Encontré muy apropiado daros la descripción de mis últimos momentos vividos en la Tierra, desde la agonía hasta el desliga­miento final, para que tengáis algunas nociones aproximadas de ese instante atemorizante y tétrico para muchas criaturas, que depende exclusivamene de nuestro modo de vida y de la natu­raleza de nuestros sentimientos, puesto de manifiesto en las re­laciones con nuestros hermanos de jornada evolutiva. Todos los que han ingresado serenamente en nuestra esfera espiritual son los que provienen de las existencias laboriosas, afectos al servicio sacrificial y amorosos con el prójimo, y que vivieron respetuosa­mente las sublimes enseñanzas de Jesús.

De este modo, sin que me sea atribuida la función de "guía" o "mentor espiritual", no puedo dejar de advertiros que el éxito principal del alma, en la fase de su desencarnación e ingreso en el Más Allá, depende exactamente de la mayor o menor realiza­ción evangélica efectuada en el mundo físico. Cuando aún nos encontramos ligados a la vida física, difícilmente comprendemos los mensajes de alta espiritualidad que reposan en la sencillez del Evangelio, que luego reconocemos como el verdadero Código Moral de la vida del espíritu en cualquier situación humana.

A pesar de toda la resistencia intelectual que hacemos a las enseñanzas de Jesús, aquí comprendemos y comprobamos que sólo la integración definitiva en el "amaos los unos a los otros" y la práctica indiscutible del "haced a los otros lo que queréis que os hagan" es lo que nos libra realmente de las terribles con­secuencias purgativas que comúnmente ligan a los desencarnados torturados en el mundo astral.

Hay hombres que parten desde la Tierra hacia aquí como si fueran fieras embravecidas por las propias pasiones, mientras que otros se despiden de vosotros a semejanza de lo que sucede con los pajaritos, que emprenden su vuelo feliz, liberándose de su nido sin ningún atractivo particular. Para ser feliz aquí, no basta la sabiduría, aunque ésta sea el producto de enormes es­fuerzos intelectuales; los espasmos y las angustiosas perturbacio­nes que acometen a los periespíritus de aquellos que aún se tor­turan delante de la muerte son el resultado particular de la na­turaleza y el desequilibrio de las pasiones que fueron cultivadas por el alma en su trato con el mundo. Las pasiones humanas son como los caballos salvajes: necesitan ser amansados y domesticados para que después nos sirvan como fuerzas disciplinadas y de ayuda benéfica para la marcha del espíritu a través de la vida carnal.

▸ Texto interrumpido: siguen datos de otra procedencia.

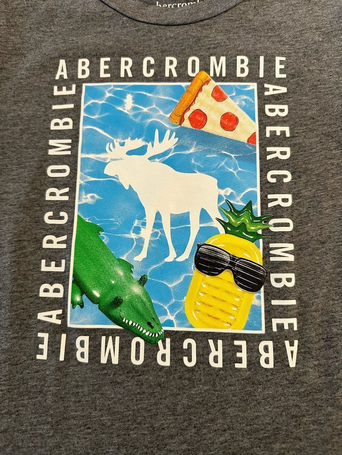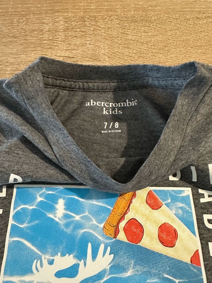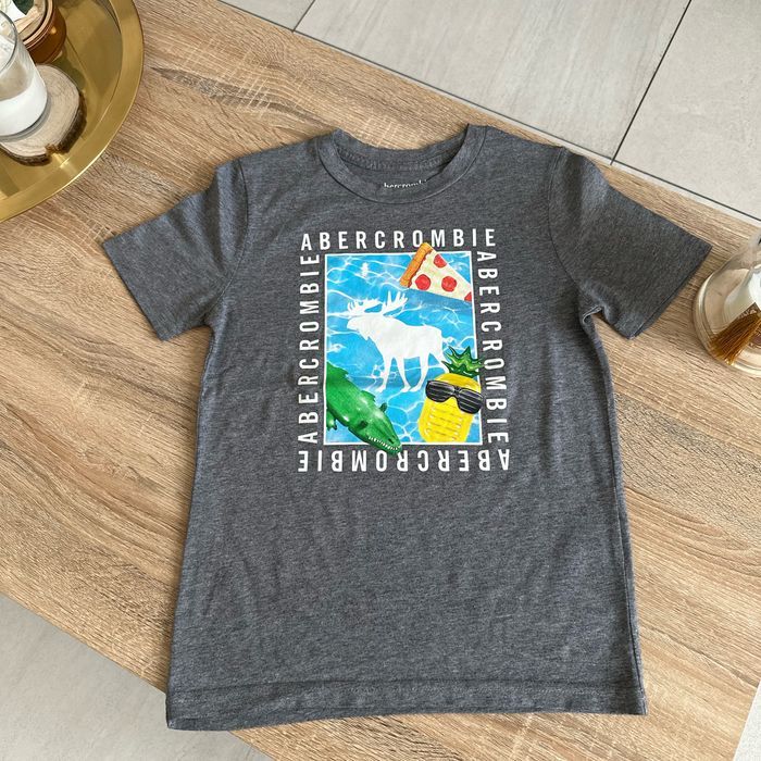 T shirt gris avec motif imprimé sur le devant taille 7/8 ans Abercrombie & Fitch en très bon état

Y para conseguir esa importante domesticación de las pasiones salvajes, el ejercicio evangélico es el recurso más eficiente, pues lo hace a través de la ternura, del amor y de la renuncia pregonada por el Maestro Jesús. El periespíritu, en la hora de la desencarnación, es como la cabalgadura briosa, de energías contenidas, que tanto se semejan a la monta dócil, disciplinada y de absoluto control por parte de su dueño, como también se iguala al potro desenfrenado que arremete y hasta puede arrastrar peligrosamente a su caballero despavorido.

Los consagrados filósofos griegos, cuando preconizaban “mente sana en cuerpo sano” exponían conceptos de excelente auxilio para el momento de la desencarnación. La serenidad y la armonía, en la hora de la “muerte”, son estados que requieren completo equilibrio en el binomio “razón y sentimiento”, pues aquel que “sabe qué es, de dónde viene y hacia dónde va”, también sabe lo que necesita, lo que quiere y por qué se vuelve un espíritu venturoso. El cerebro que piensa y dirige exige también que el corazón se purifique y obedezca.

Ojalá que estas comunicaciones de “este lado”, aunque a muchos les parezcan un puñado de fantasías sin sentido, logren atraer el interés de los lectores bien intencionados, que deseen liberarse de las ilusiones inherentes a las formas provisionales de la materia y quieran centrar su visión espiritual en el curso de la vida del Espacio, lo cual depende en sumo grado de la naturaleza y la existencia que fuera vivida en la Tierra.


Atanagildo

Curitiba, 1º de Enero de 1958


EL CAMINO DEL MÁS ALLÁ
Pregunta: Valiéndonos de vuestra promesa, hecha la reunión pasada, por la cual deseamos recibir impresiones sobre vuestra desencarnación y sobre los acontecimientos que se verificaron después del desligamiento de vuestro cuerpo físico. ¿Os será posible informarnos?

Atanagildo: Yo había completado los veintiocho años de edad, estaba en cama acometido por una complicación de los riñones, mientras el médico de la familia agotaba los recursos para disminuir la cuota de urea que me envenenaba el cuerpo, causándome una terrible opresión que parecía aplastarme el pecho. Presa de terrible angustia, que aumentaba por momentos, procuré explicar al médico lo que sentía, ansioso de un alivio, aunque fuese por breves instantes. Al mismo tiempo me extrañaba que a medida que bajaba mi temperatura, se pe agudizaban los sentidos; algunas veces tenía la impresión de que era el centro consciente, absoluto, el responsable de toda la agitación que había alrededor de mi lecho, porque captaba el más sutil murmullo de los presentes. De modo alguno podía comprender la naturaleza del extraño fenómeno que me dominaba, pues a medida que crecía mi facultad de oír y sentir, conjuntamente en mi alma emergía un misterioso murmullo, como si una exquisita voz sin sonido me gritara en un tono desesperado.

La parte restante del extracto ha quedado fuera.